Missouri AG stops release of longest-serving wrongfully convicted woman who had been held in prison for 43 years
The Missouri Attorney General has blocked the release of a 64-year-old woman who had her conviction in a 1980 murder overturned last month.
Sandra Hemme, considered the longest-known wrongly incarcerated woman in the US, has spent 43 years behind bars for a 1980 murder that her lawyers say was actually committed by a now-discredited police officer.
A judge ruled on June 14 that Hemme’s conviction was wrongful, ordering her to be retried or released from prison within 30 days.
She was set to be released from Chillicothe Correctional Center near Kansas City on Wednesday. But a lawyer from the state’s AG office objected, and called the prison to ask whether two unrelated sentences — amounting to 12 years in prison — should keep her behind bars, a July 10 court filing states.
Hemme had a two-year sentence imposed July 16, 1984, and a 10-year sentence imposed October 24, 1996, that were both supposed to run consecutive to the murder sentence, which the court overturned in June. Both sentences were related to violence while in prison.
The attorney general’s office typically objects to wrongful conviction claims, according to the Associated Press, and argued that it did not have enough time to fight her release, and asked the appellate court to reconsider.
Her legal team said that keeping her in prison would be a “draconian outcome,” according to the outlet.
The Independent has reached out to representative from the AG’s office and Hemme’s lawyers.
Hemme was a psychiatric patient when she confessed to killing 31-year-old library worker Patricia Jeschke on November 13, 1980.
Jeschke didn’t show up for work, prompting her concerned mother to climb into her apartment through a window to find a gruesome scene – her daughter’s nude body in a pool of blood on the floor. There was a knife under her head, a pair of pantyhose was wrapped around her throat and her limbs were bound with a telephone cord.
Investigators raced to find the killer. Hemme appeared to fit the bill, since her reemergence onto the scene seemed suspicious to authorities. She had most of her life from age 12 onward in inpatient psychiatric care, according to her attorneys at the Innocence Project.
Hemme had been discharged from the psychiatric hospital just one day before Jeschke’s body was found.
During her interview with police, investigators noted that Hemme seemed “mentally confused” while her lawyers said that she provided “wildly contradictory” statements.
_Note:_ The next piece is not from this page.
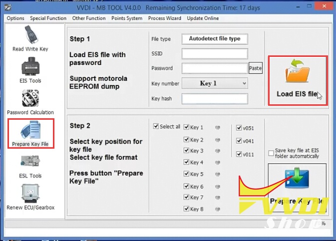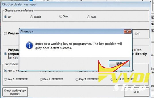Step 3: Press “Prepare Dealer Key”, it requests load the BCM2 data read in step 1. Then out the programmable key into programmer. Prepare the dealer key with tips.

After accusing a man who could not have possibly been the killer, since he was in an alcohol treatment center at the time of the brutal murder, she pleaded guilty in exchange for removing the possibility of the death penalty.
Her lawyers argued that Michael Holman, a former cop, was actually behind Jeschke’s slaying, as he had tried to use her credit card.
In 2015, after Holman’s death, authorities searched his house to find gold horseshoe-shaped earrings in a closet, which Jeschke’s father said he had given his daughter.
Last month, the appeals court wrote that “no evidence whatsoever outside of Ms Hemme’s unreliable statements connects her to the crime.”
A judge noted: “She is the victim of a manifest injustice.”
Instead, the judge noted that evidence suggests then-police officer Holman was linked to the grisly killing: “This Court finds that the evidence directly ties Holman to this crime and murder scene.”
After the judge’s ruling in June, a statement from Hemme’s lawyers read: “The only evidence that ever connected Ms Hemme to the crime was her own unreliable and false confessions: statements taken from her while she was being treated at the state psychiatric hospital and forcibly given medication literally designed to overpower her will.” They added: “We will continue to fight until all charges are dismissed and Ms. Hemme is reunited with her family.”